🤖 AI Summary
This work addresses the challenge of efficiently generating long-distance multipartite entanglement—such as Greenberger–Horne–Zeilinger (GHZ) states—required for advanced quantum network applications, which existing approaches focusing primarily on bipartite entanglement distribution struggle to support. The authors propose an asynchronous tree-based routing protocol that leverages only local link information, extending asynchronous routing mechanisms for the first time to multipartite entanglement scenarios. This protocol enables efficient generation of GHZ states involving three or more parties without requiring global synchronization and incorporates caching of unused entangled resources. By integrating asynchronous entanglement swapping, tree-structured topologies, and local state awareness, the method adapts flexibly to diverse network architectures.

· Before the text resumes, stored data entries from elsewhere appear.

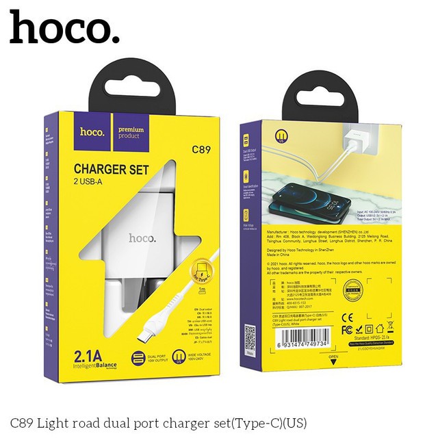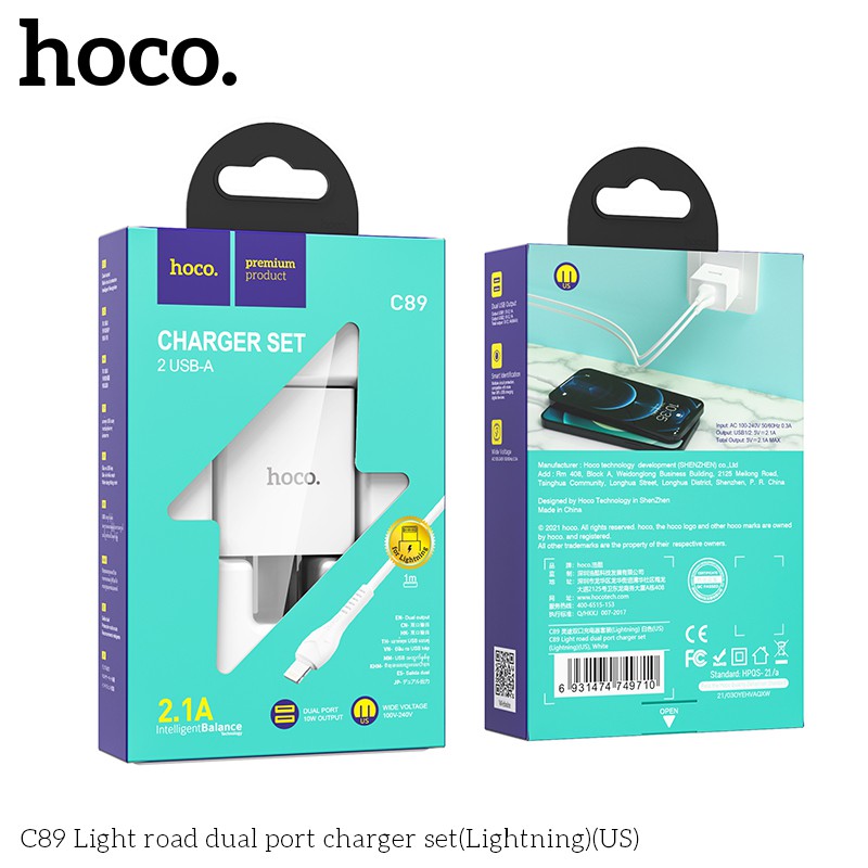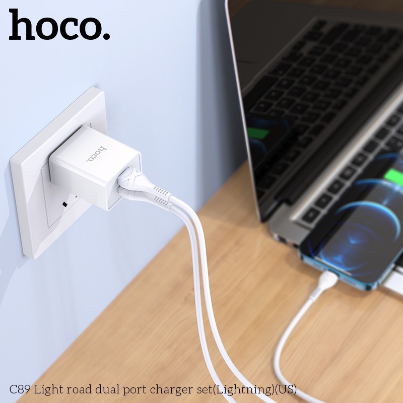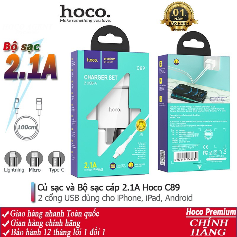 Giới thiệu Bộ sạc Hoco C89 dòng 2.1A / 2 cổng ra đầu Lightning, Micro, Type-C dây cáp dài 1m - Chính hãng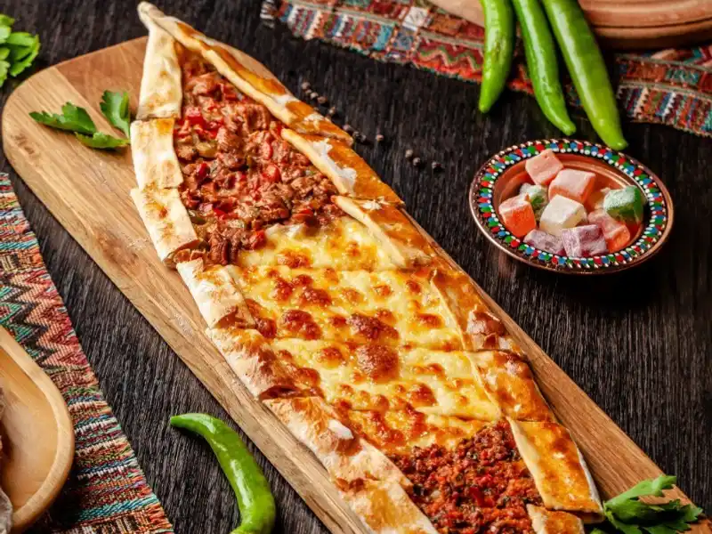 Masa fina y crujiente en forma de barca, cubierta con ingredientes frescos y especias orientales, horneada al estilo tradicional turco para un sabor auténtico y delicioso.
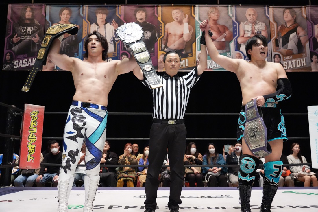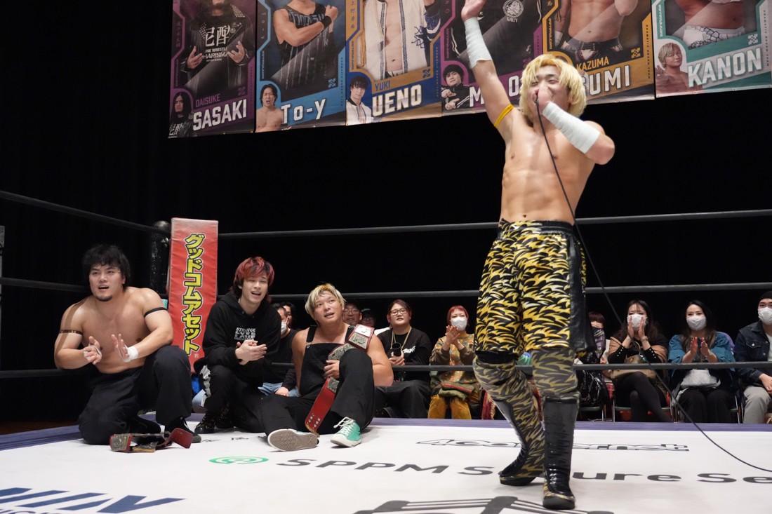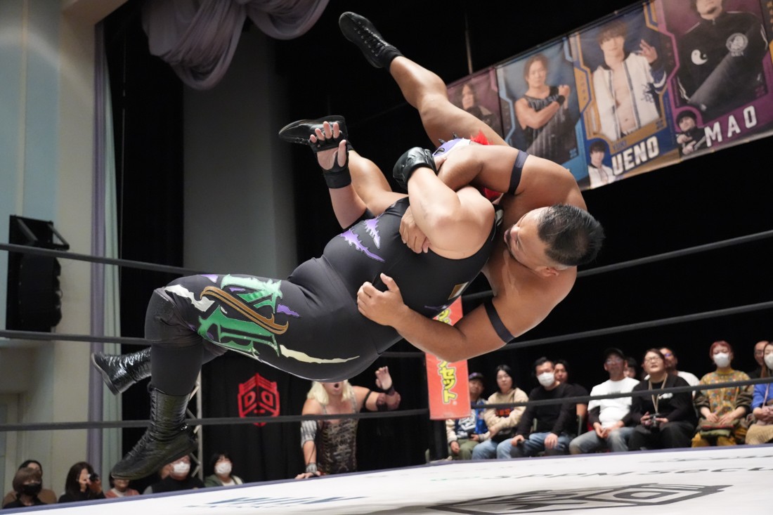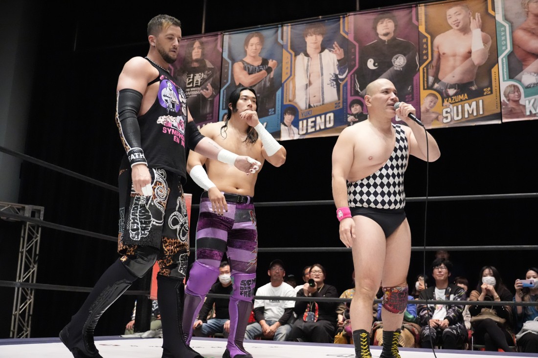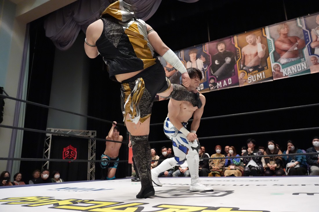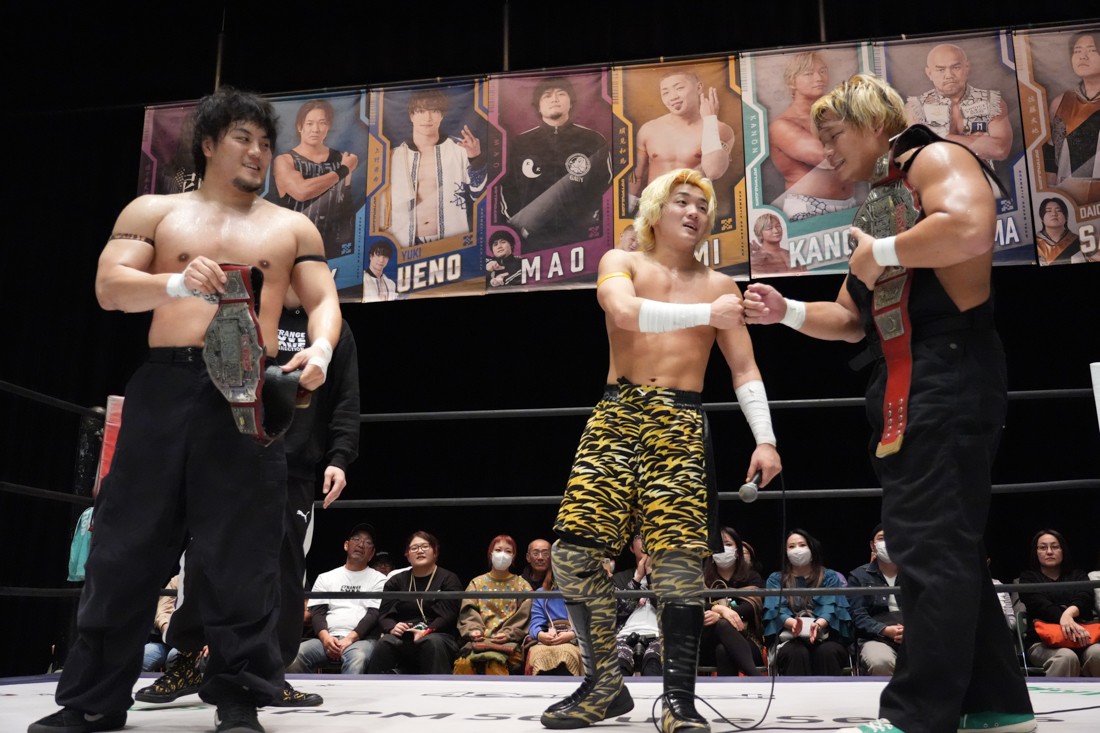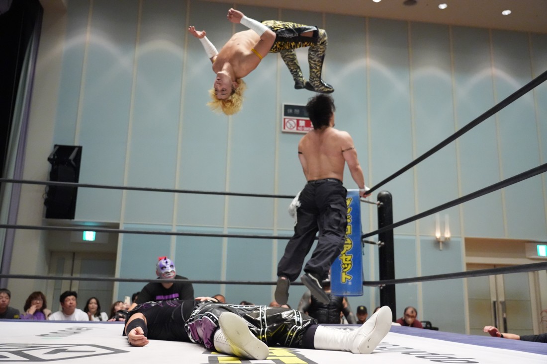 11月24日、三重・三重総合文化センター・多目的ホールで「須見和馬地元凱旋!三重のために須見が翔ぶ!」が開催。メインイベントでは地元凱旋となった須見和馬がSTRANGE LOVE CONNECTIONのMAO&KANON with KIMIHIROと組んで、佐々木大輔&岡谷英樹&イルシオンのDAMNATION T.Aと対戦。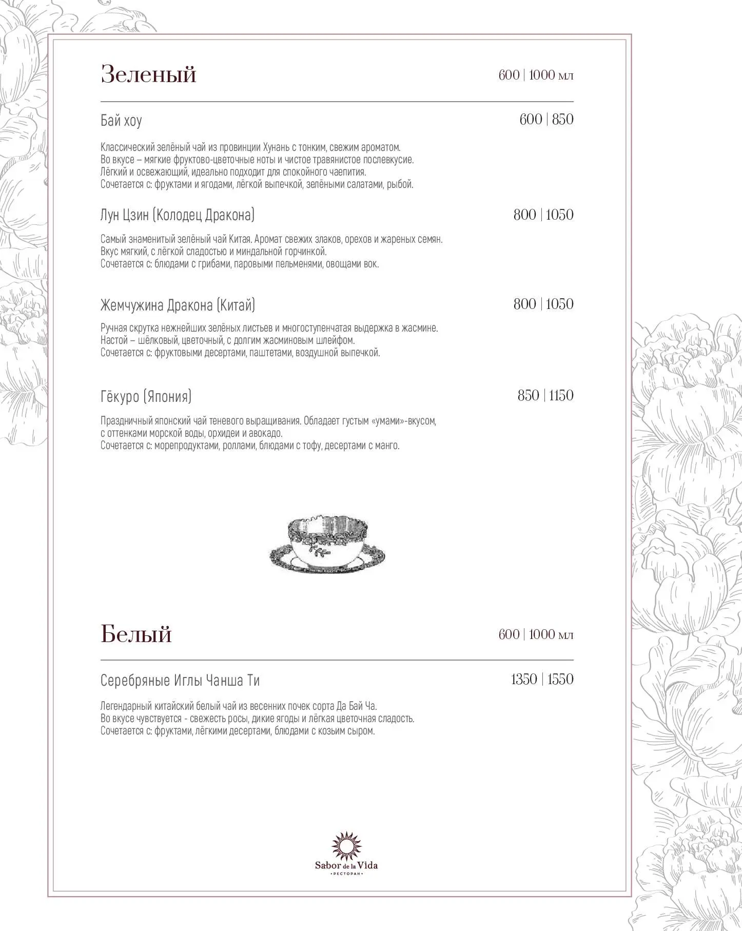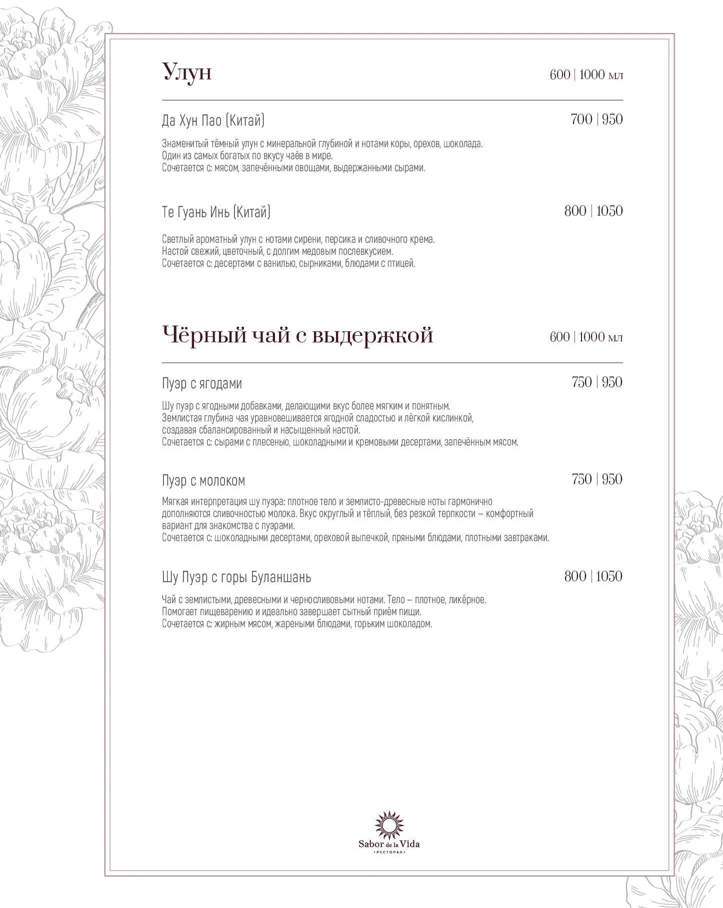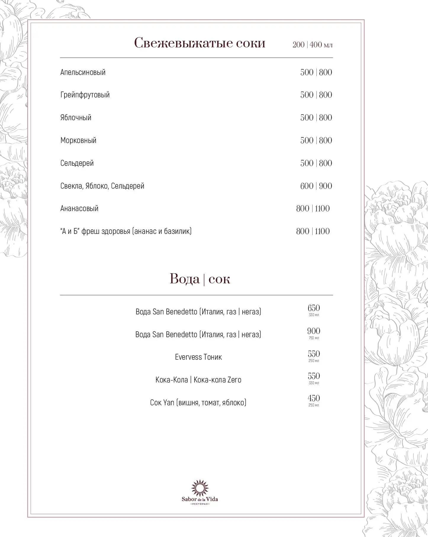 Еще одна гордость ресторана «Сабор де ла Вида» — обширная винная карта, состоящая из более 160 позиций (10 из них представлено по бокалам). Здесь можно попробовать вина, эксклюзивно привезенные из Испании.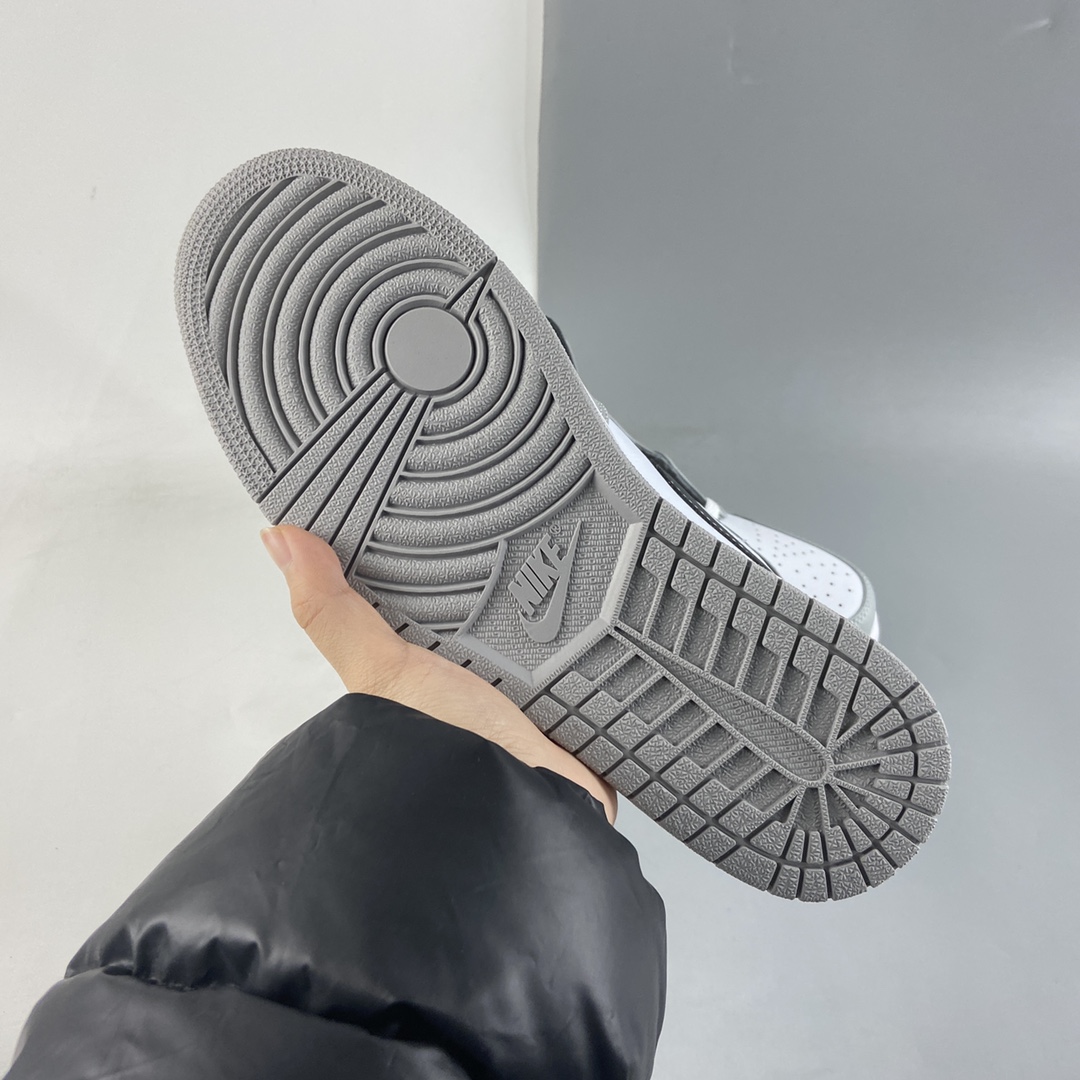 Dressed in a Light Smoke Grey, White, and Anthracite color scheme. This offering of the mid-top Air Jordan 1 comes constructed in a leather build featuring a White base with Light Smoke Grey overlays and Anthracite Swooshes, ankle collar, tongues, and liners. Contrasting stitching atop a White midsole and Grey rubber outsole completes the design.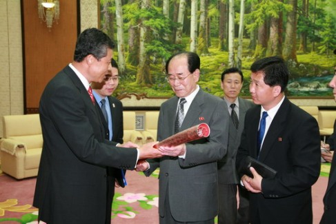 中新網5月6日電 中國駐朝鮮大使館網站消息,5月5日,朝鮮最高人民會議常任委員會委員長金永南受朝鮮勞動黨總書記金正日的委托,在萬壽臺議事堂會見了中國駐朝鮮大使劉曉明。劉大使請金永南委員長轉達中共中央總書記、國家主席胡錦濤致金正日總書記的口信和親切問候。金永南委員長表示感謝并允轉達,同時也請劉大使轉達金正日總書記對胡錦濤總書記的親切問候。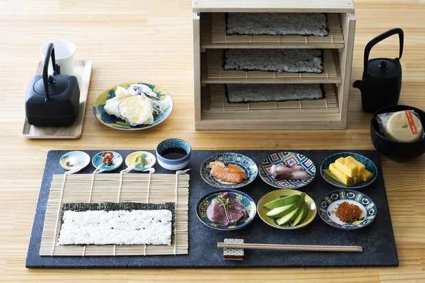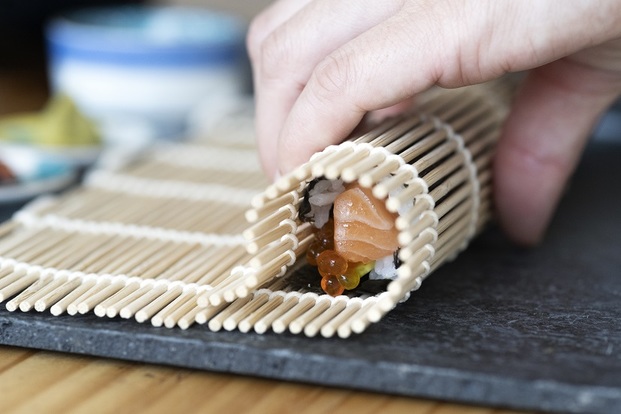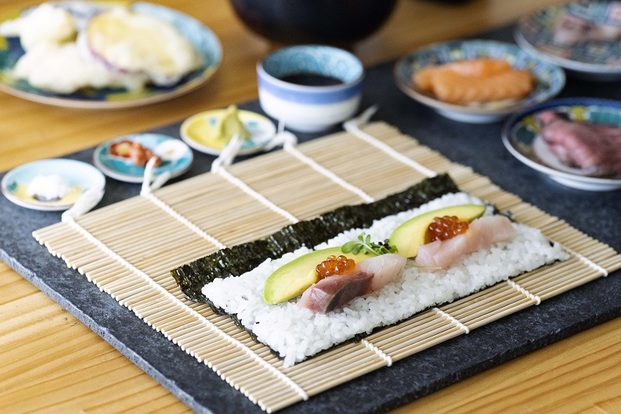 細巻き寿司を作る時には欠かせないアイテム“巻きす”でクルクルと巻けば、完成。金沢ではひと昔前まで、お祭りなどの催事のご馳走として細巻き寿司を作る家庭が多くありました。そんな、どこの家にもきっと昔はあったであろう“巻きす”。現在では目にする機会もほとんどなくなりましたが、「COIL」でなら、細巻き寿司を作りながら日本の伝統的な“食“や“モノ”の文化を気軽に体験できちゃいます!

Experimental results demonstrate that, in tripartite GHZ state distribution, the proposed scheme achieves significantly higher entanglement generation rates than conventional synchronous protocols, with performance gains becoming more pronounced as quantum memory coherence times increase, thereby confirming its efficiency and scalability.
📝 Abstract
In quantum networks, one way to communicate is to distribute entanglements through swapping at intermediate nodes. Most existing work primarily aims to create efficient two-party end-to-end entanglement over long distances. However, some scenarios also require remote multipartite entanglement for applications such as quantum secret sharing and multi-party computation. Our previous study improved end-to-end entanglement rates using an asynchronous, tree-based routing scheme that relies solely on local knowledge of entanglement links, conserving unused entanglement and avoiding synchronous operations. This article extends this approach to multipartite entanglements, particularly the three-party Greenberger-Horne-Zeilinger (GHZ) states. It shows that our asynchronous protocol outperforms traditional synchronous methods in entanglement rates, especially as coherence times increase. This approach can also be extended to four-party and larger multipartite GHZ states, highlighting the effectiveness and adaptability of asynchronous routing for multipartite scenarios across various network topologies.